Task objective: Omit the pictures and print exactly the lines of the listing below, starting at the first and ending at the line containing "Met donker maan".

Data shown:
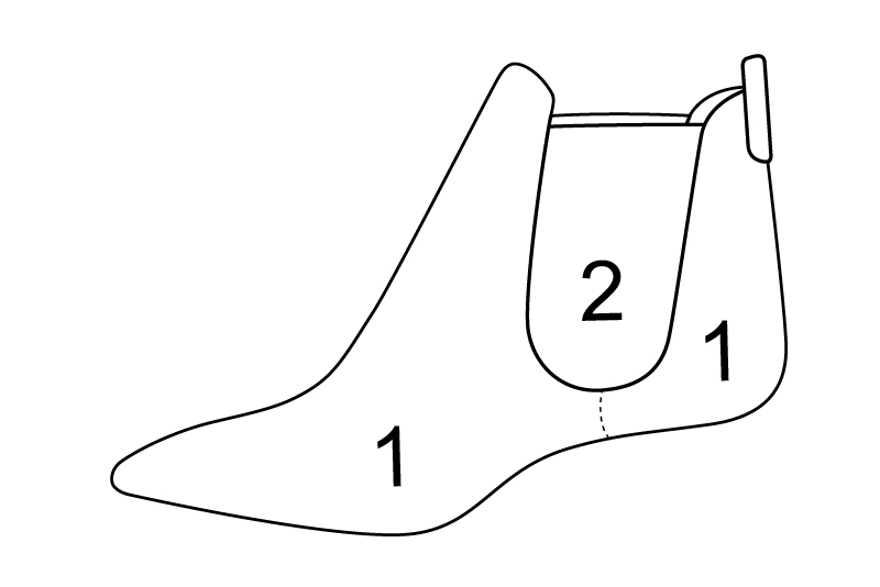 Bottines femme avec des élastiques rouge bordeaux et rouge carmin. Bout effilé. Talon conique de 5.5 cm - Vue du dessus
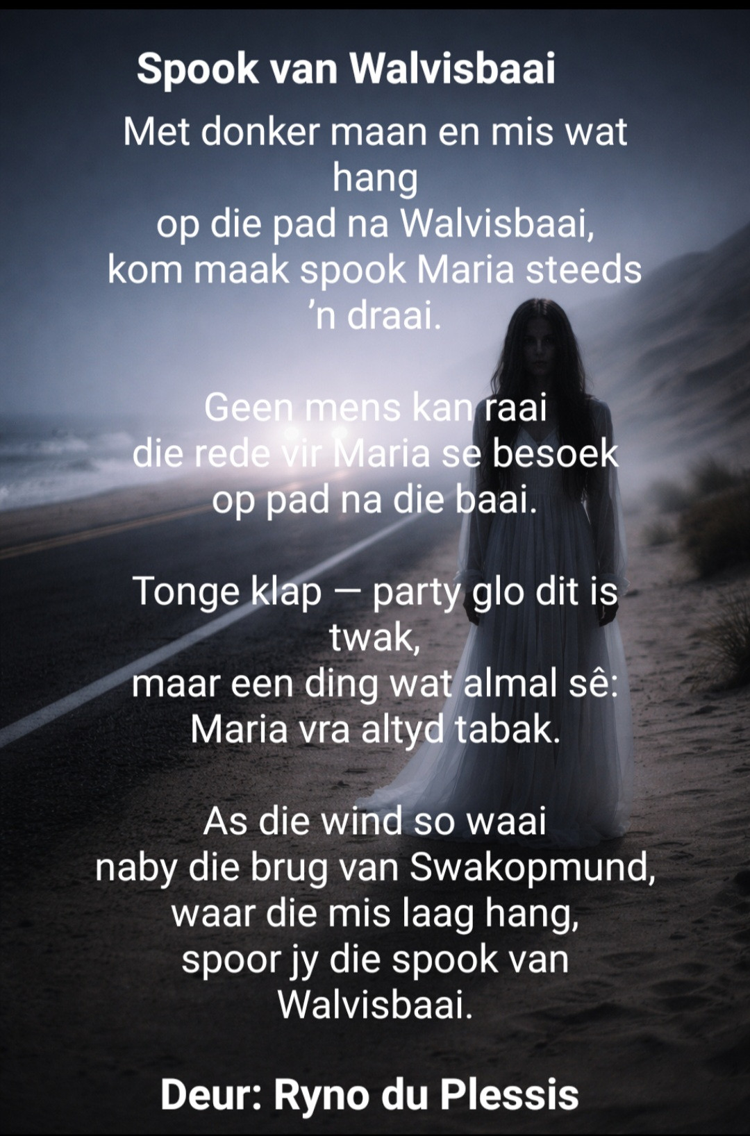 Met donker maan en mis wat hang op die pad na Walvisbaai, kom maak spook Maria steeds ‘n draai.
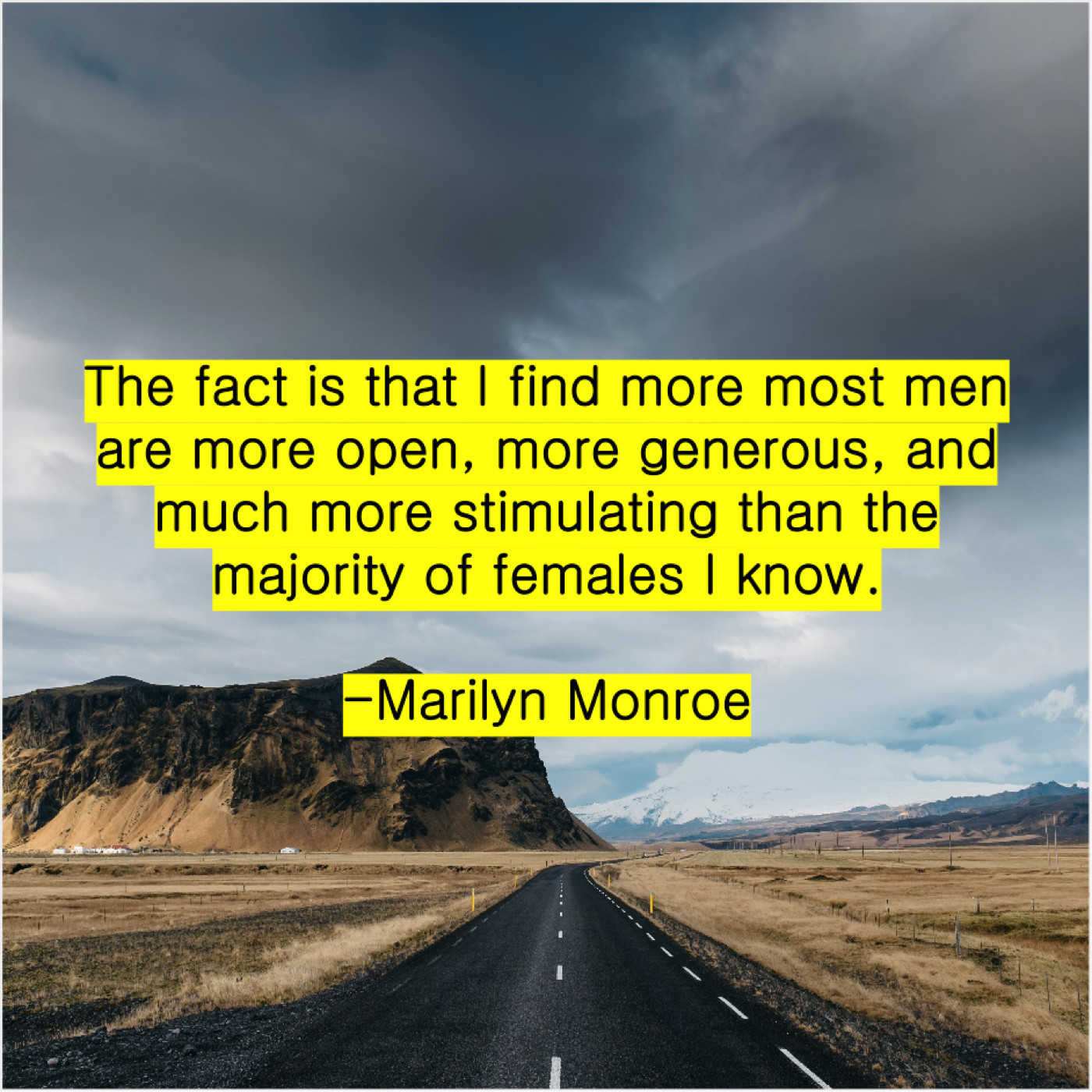 Marilyn Monroe Marilyn Monroe – The fact is that I… March 22, 2019 admin “The fact is that I find more most men are more open, more generous, and much more stimulating than the majority of females I know.”-Marilyn Monroe
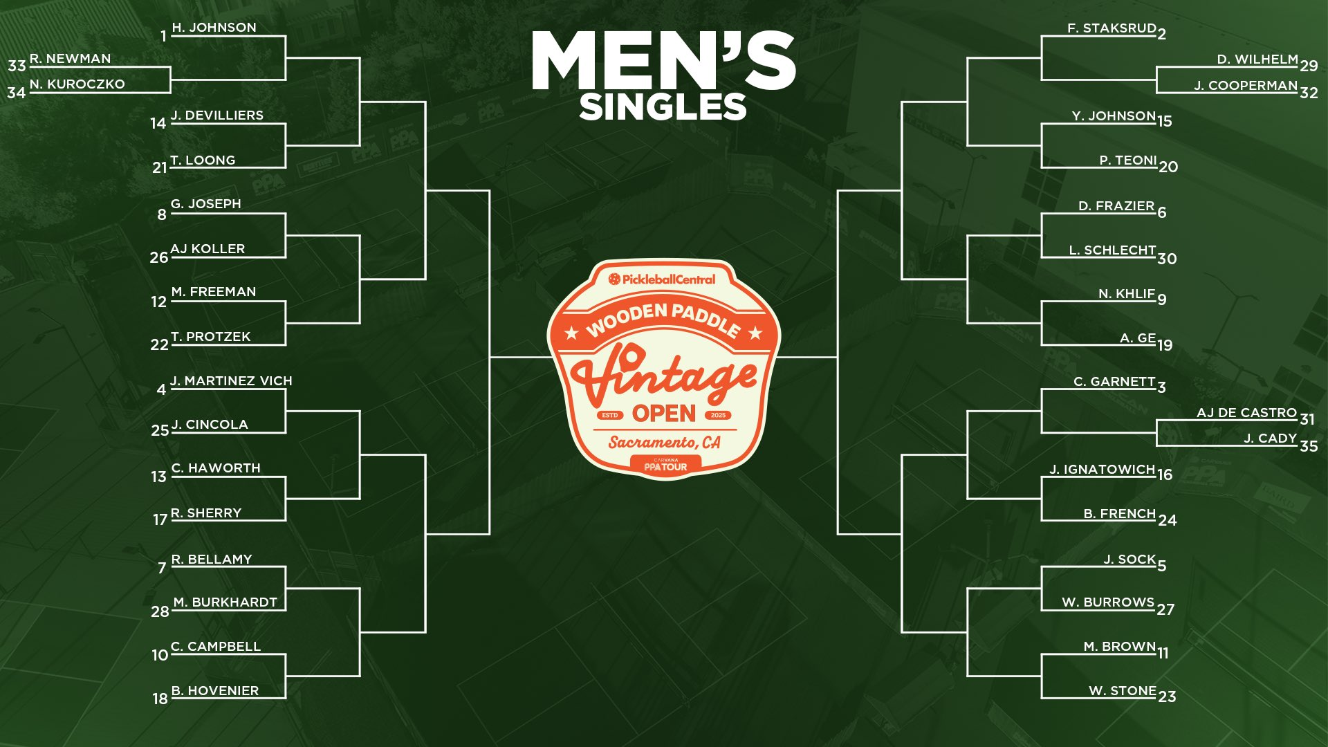 That’s right. The pros will be using wooden paddles provided to them by PickleballCentral (also the marquee sponsor of the event).
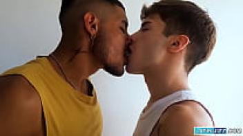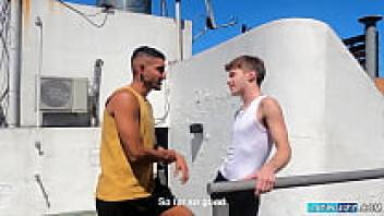 Before David Torres gives up his hole and gets a good beating, the new guy in town, Blu Twink, licks his cock.
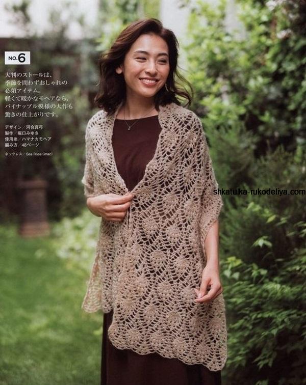 вязание крючком, палантин, схема, ананасовый, японская модель, воздушный, женский, 2020
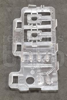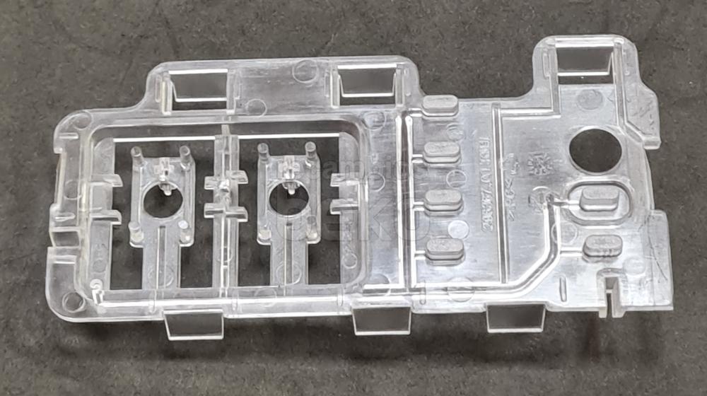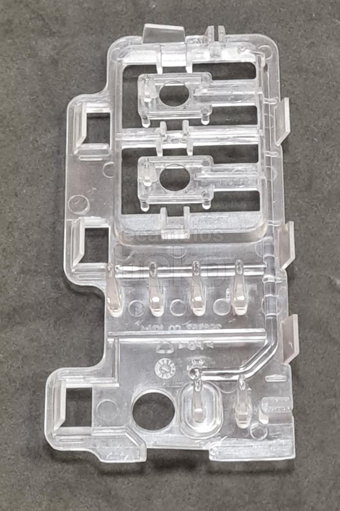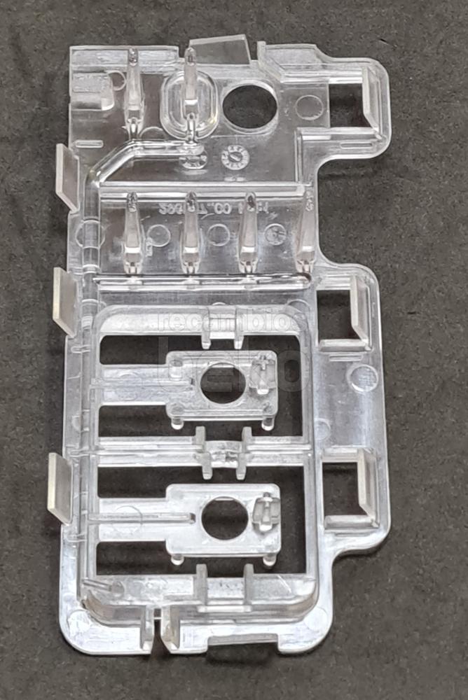 Conjunto guía de luz original para lavadoras y secadoras Beko. Pieza plástica pequeña, alargada y rectangular. Diseñada para canalizar o posicionar la iluminación o el piloto luminoso en el interior del aparato, asegurando el correcto paso de la luz en la zona prevista por el fabricante.
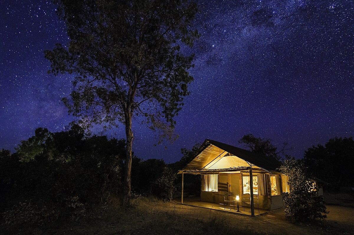座落於這樣的天然美景裡,Wilderness Safari 旗下的 Little Makalolo 是被歸類為「經典(Classic)」的營區。以非洲原始設計為主,黑白圖騰和木質傢俱營造出異國風情,舒適的床鋪和USB充電插頭讓這裡增添了幾分奢華氣氛。在此區的另一個營區 Linkwasha,則是增添了幾分歐陸設計況味,營地也帶了點設計酒店的風格,當然,最受旅人歡迎的「星空一宿」,更是來到辛巴威營區一定要嘗試的體驗。架高的木造建築通有電線,讓動物難以靠近,在安全的大前提下,你能在非洲草原上享受與野生動物一起入睡的浪漫奇幻體驗。

Result of the task:
 Bottines femme avec des élastiques rouge bordeaux et rouge carmin. Bout effilé. Talon conique de 5.5 cm - Vue du dessus
 Met donker maan en mis wat hang op die pad na Walvisbaai, kom maak spook Maria steeds ‘n draai.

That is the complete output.